The start of the year saw food, beverage, merchandise retail and stadium operations giant Legends sign an agreement for global investment firm Sixth Street to become its new majority owner.
The reported $1.35bn (£1.01bn/€1.19bn) deal granted Sixth Street a 51% stake in Legends. As part of the deal, Sixth Street leads the Legends partnership group alongside co-founders YGE Holdings, an affiliate of Major League Baseball’s New York Yankees, and Jones Concessions, an affiliate of NFL American football team the Dallas Cowboys.
Elsewhere, Chinese property company SuperGen Group commenced work on the development of a new esports hub in Shanghai that will include a 6,000-capacity arena.

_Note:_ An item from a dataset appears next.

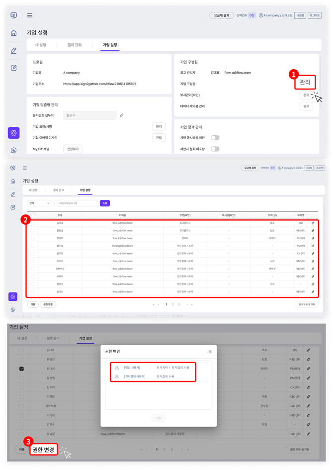 2) 이후 기업 구성원 영역 쪽의 '관리' 버튼을 클릭하면(①), 회사 구성원 명단이 표시됩니다(②). 이 명단은 플로우에 등록된 직원 목록이 연동되어 그대로 표시되는 것이며, 특정 사용자를 선택한 뒤 왼쪽 하단의 '권한 변경'을 누르면(③) 전자결재/전자계약 서비스에 대한 사용 권한을 변경할 수 있습니다.

The development will also serve as a new operations base for Chinese esports organisation Edward Gaming, a division of SuperGen. The Shanghai International Culture and Creative Esports Center will be located in the city’s Minhang District and will be completed in 2023.
Meanwhile, the International Ice Hockey Federation (IIHF) stripped the Belarusian capital of Minsk of co-hosting rights to its World Championship due to safety and security issues.
Minsk (pictured) had been due to stage the tournament alongside Riga, but the Latvian capital was ultimately handed sole hosting rights to the event. The IIHF said the decision to strip Belarus of hosting rights was “unavoidable”.
In sponsorship news, Q2 was awarded naming rights to the new home of Major League Soccer franchise Austin FC.
The multi-year deal named the venue Q2 Stadium. The facility, which opened in June, has a capacity of 20,500 and is also being used to host concerts and other events.
German financial services company Allianz also agreed a nine-year extension to its stadium naming-rights deal with French Ligue 1 football club OGC Nice.
Signed in 2012 for an initial nine-year duration, the contract was extended until 2030 with the new terms taking effect from July 1.